*Required work*.
Two lines below mark the span: the one containing "Glass Terrarium 30 x 30 x 32cm" and the one containing "Pt. M. Czako". Set down both, plus every line between, exactly as they stand, and nothing else.

*Provided records*.
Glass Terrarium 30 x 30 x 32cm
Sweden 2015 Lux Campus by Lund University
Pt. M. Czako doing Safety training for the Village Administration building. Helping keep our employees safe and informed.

---

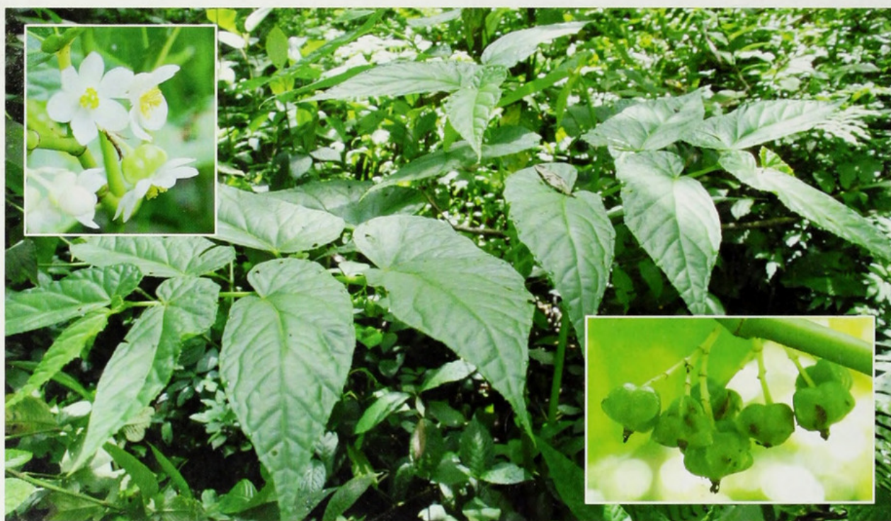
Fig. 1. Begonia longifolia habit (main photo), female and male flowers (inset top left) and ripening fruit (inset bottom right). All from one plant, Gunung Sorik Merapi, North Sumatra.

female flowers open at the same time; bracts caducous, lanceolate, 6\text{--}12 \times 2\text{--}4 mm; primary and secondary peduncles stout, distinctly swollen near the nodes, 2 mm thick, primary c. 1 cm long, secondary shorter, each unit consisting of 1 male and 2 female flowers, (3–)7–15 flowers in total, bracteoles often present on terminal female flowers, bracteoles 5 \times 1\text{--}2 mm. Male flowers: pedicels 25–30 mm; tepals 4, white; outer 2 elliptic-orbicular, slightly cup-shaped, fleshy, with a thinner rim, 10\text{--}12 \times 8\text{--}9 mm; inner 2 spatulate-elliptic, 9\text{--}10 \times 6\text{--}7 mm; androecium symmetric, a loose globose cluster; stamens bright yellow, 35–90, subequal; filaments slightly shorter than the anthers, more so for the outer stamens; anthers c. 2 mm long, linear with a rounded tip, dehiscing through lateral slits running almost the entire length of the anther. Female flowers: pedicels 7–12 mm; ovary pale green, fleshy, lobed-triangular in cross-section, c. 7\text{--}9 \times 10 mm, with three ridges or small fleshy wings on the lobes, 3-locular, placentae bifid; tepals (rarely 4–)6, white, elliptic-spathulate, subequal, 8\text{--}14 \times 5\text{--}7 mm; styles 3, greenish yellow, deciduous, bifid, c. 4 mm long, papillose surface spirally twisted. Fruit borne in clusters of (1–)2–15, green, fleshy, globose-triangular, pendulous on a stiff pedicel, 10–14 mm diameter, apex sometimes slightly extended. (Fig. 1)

--

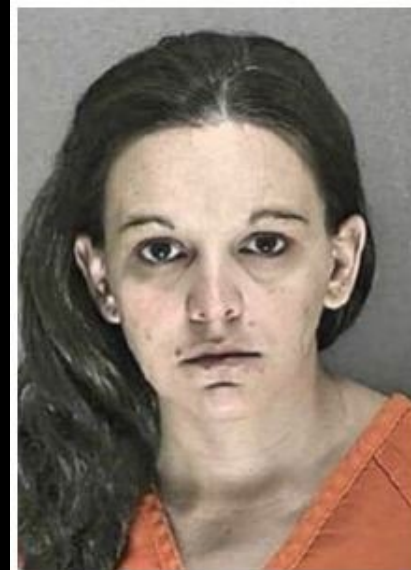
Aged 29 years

*Result for this task*.
Glass Terrarium 30 x 30 x 32cm
Sweden 2015 Lux Campus by Lund University
Pt. M. Czako doing Safety training for the Village Administration building. Helping keep our employees safe and informed.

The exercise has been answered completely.